I am not able to interpret the results
Hi, thanks for a so nice tool. I have sequenced several single-cell samples of a protist species.
I have troubles understanding my smudgeplot. I have used follwing command to generate it FastK -v -t4 -k40 -M16 -T16 78bam_[12].fastq.gz -N78 smudgeplot.py hetmers -L 12 -t 8 -o 78 --verbose 78.ktab smudgeplot.py all -o 78_SMUDGE 78_text.smu I am running version 0.4.0
and it look like this:
and de genomescope 2 histogram looks like:
For instance, another sample:
The other samples look very similar.
Only two of the samples look more or less well:
and this one:
How should I understand my smudgeplots?
thank you very much
Hi, sequencing protists is hard!
If you look at the examples here https://pubmed.ncbi.nlm.nih.gov/39890468/ we show how "nice" and "messy" spectra look like.

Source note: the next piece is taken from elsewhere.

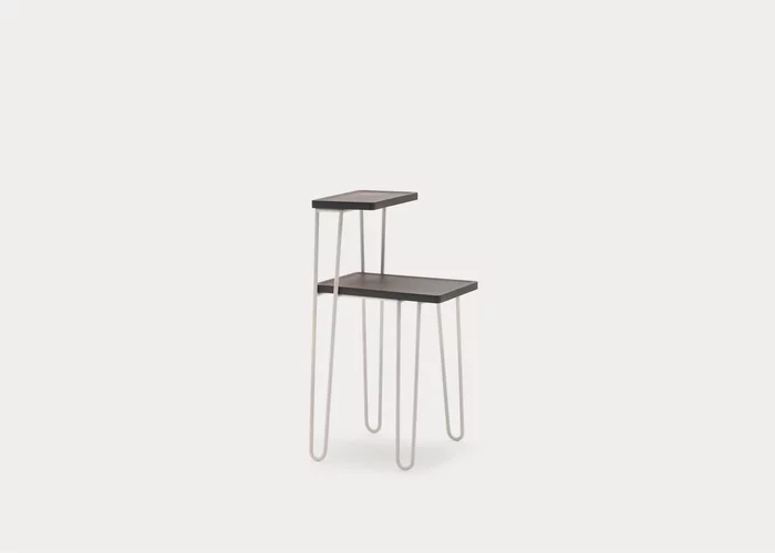Il tavolino-comodino LC 48 è espressione di grande leggerezza visiva, grazie alle gambe in tondino d’acciaio verniciato bianco o grigio finitura opaca che sembrano disegnare delle onde, unite al noce Canaletto naturale, nero, bianco, grigio, oceano o tortora del top. Due ripiani di diverse dimensioni in legno e di forma rettangolare, uno più alto e uno più basso, aumentano le possibilità di spazio di questo complemento d’arredo.

In the first two cases, did you not sequence your target well. There might be sequences from your target, but definitely not sequenced nicely on its own, with protists the most likely reason will be contamination that will very likely be overtaking the runs...
THe later two look a bit better, but they are still rather messy. The 3 shows two peaks and to me it's rather unclear which of them is your protist (they can't both be - they would be following the rules of stochiometry, see that paper for more details). I suspect the smudgeplot would not show you much if the right bump is a bacteria (more likely given the genome size) and the left one is your target (you filtered out everything with coverage <12x, so that means you filtered most of your target before making the smudgeplots).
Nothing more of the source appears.